### [Problem to solve]
Copy out again, unchanged, the listing below from the line that has "中央に巨大ツリーがあり、ツリーまでの道は青い電飾のトンネルがありました!" through the line that has "новосибирский гуманитарный институт, факультет".

**** Data for processing ****

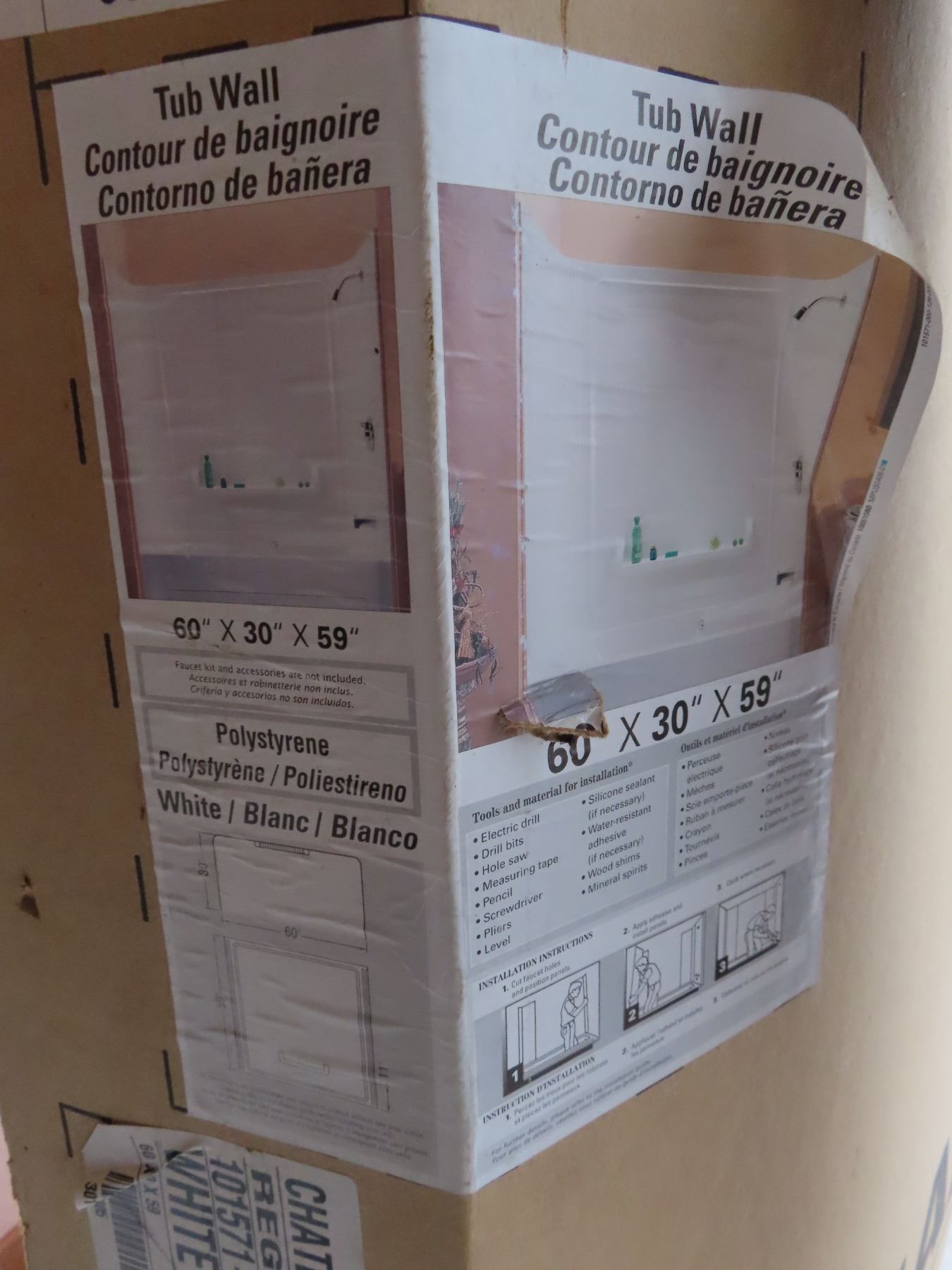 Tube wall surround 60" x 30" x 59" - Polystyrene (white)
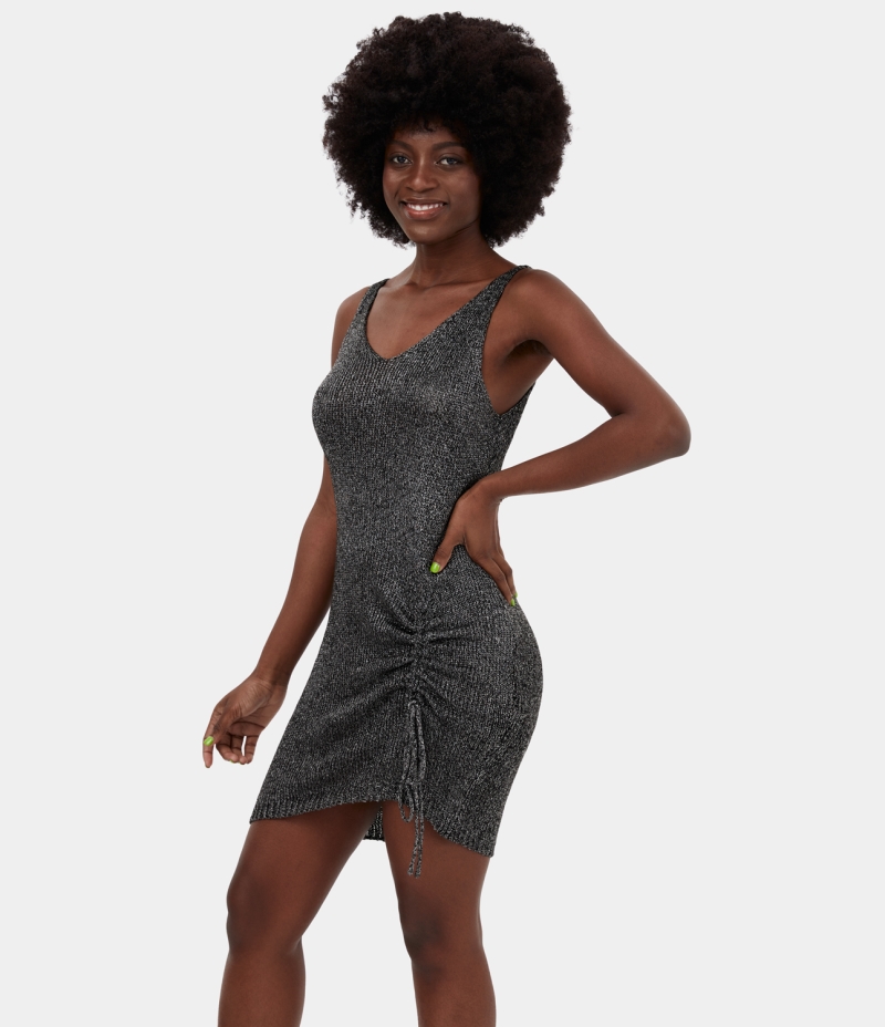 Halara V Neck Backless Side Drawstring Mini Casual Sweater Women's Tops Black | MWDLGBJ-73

****
**** Data for processing ****

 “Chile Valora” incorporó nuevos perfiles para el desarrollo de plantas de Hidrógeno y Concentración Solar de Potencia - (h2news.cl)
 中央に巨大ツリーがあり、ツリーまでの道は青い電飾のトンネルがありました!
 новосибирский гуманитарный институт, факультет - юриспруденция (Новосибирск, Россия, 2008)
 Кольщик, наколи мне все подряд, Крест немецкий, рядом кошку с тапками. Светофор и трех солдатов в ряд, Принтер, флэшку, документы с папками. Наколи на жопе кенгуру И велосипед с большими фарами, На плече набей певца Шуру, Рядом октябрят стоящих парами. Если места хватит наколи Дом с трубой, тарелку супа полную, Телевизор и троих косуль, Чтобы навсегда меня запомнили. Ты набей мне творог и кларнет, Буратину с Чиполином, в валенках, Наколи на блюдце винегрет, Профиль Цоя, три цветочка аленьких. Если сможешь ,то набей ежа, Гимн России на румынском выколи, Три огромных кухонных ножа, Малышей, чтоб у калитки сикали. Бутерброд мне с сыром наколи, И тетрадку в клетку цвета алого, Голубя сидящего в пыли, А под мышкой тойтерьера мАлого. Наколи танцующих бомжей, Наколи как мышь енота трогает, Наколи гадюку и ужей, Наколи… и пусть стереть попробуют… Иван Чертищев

****

### [Result]
 中央に巨大ツリーがあり、ツリーまでの道は青い電飾のトンネルがありました!
 новосибирский гуманитарный институт, факультет - юриспруденция (Новосибирск, Россия, 2008)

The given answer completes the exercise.